SR is a truck motor...


----------



## niky (Jul 20, 2002)

> _Originally Posted by intrepid_
> 
> *SR is a truck motor... *


LOL! so is the KA24!

We had a 98' Nissan Vanette that was a joy to drive... KA24, baby!!! in a econobox van body (think... smaaaaall). Most other econobox vans in our region of Asia had crappy little 1.6s and 1.8s or 2.0 diesels... our little Nissan could run rings around them... 

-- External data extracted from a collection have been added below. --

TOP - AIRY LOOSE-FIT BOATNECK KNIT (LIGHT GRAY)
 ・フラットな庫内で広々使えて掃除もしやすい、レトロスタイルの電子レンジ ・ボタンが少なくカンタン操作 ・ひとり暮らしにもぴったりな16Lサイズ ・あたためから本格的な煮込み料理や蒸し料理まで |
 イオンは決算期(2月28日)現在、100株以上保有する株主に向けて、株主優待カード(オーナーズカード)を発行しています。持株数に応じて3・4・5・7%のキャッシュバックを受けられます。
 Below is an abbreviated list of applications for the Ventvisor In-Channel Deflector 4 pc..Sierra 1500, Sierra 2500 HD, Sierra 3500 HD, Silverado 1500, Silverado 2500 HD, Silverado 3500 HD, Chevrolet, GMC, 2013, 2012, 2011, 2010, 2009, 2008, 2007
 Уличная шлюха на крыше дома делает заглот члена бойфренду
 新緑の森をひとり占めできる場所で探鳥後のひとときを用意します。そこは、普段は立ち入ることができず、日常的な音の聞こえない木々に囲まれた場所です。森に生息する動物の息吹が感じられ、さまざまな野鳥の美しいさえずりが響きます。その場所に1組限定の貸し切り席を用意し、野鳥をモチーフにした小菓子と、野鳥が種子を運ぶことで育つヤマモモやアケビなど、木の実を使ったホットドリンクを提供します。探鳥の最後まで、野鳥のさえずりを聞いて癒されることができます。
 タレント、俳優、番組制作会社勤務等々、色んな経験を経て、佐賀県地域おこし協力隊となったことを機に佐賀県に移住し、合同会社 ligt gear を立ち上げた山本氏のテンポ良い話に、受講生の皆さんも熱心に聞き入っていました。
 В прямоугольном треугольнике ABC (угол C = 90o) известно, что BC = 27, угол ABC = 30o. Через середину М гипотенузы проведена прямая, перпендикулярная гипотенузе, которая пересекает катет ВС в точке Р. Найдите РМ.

sucked gas like a mo'fo, though. 

Automatic is great for any application... just takes you a little more money to get there than with a manual, and it's a little more difficult to manual shift... (no 4-3 manual downshift possible).


----------



## nitestridar (Jun 29, 2002)

intrepid said:


> *SR is a truck motor...  *




you got that right sr20vet


----------



## drift240sxdragqueen (Oct 23, 2002)

intrepid said:


> *SR is a truck motor...  *



the best comeback to the KA is a truck engine!!!

*YES!!!*


----------



## vsp3c (May 15, 2003)

did you guys know that the KA was in 240's before SR was in Silvias??


----------



## drift240sxdragqueen (Oct 23, 2002)

the KA24E was in trucks before 240's and the KA24E was in 240's before the SR was in Silvias cuz they had the CA at first but who cares


----------



## 93blackSER (Feb 1, 2003)

exactly drift, who cares??  just playing.


----------



## driftinS13 (Jun 24, 2003)

..haha 4AGE woootwoooot!!!!

jp, i gotta stop thinkin corolla....:/


----------



## drift240sxdragqueen (Oct 23, 2002)

wutever, u initial d wannabe


----------



## HondaHater (Aug 27, 2003)

lol


----------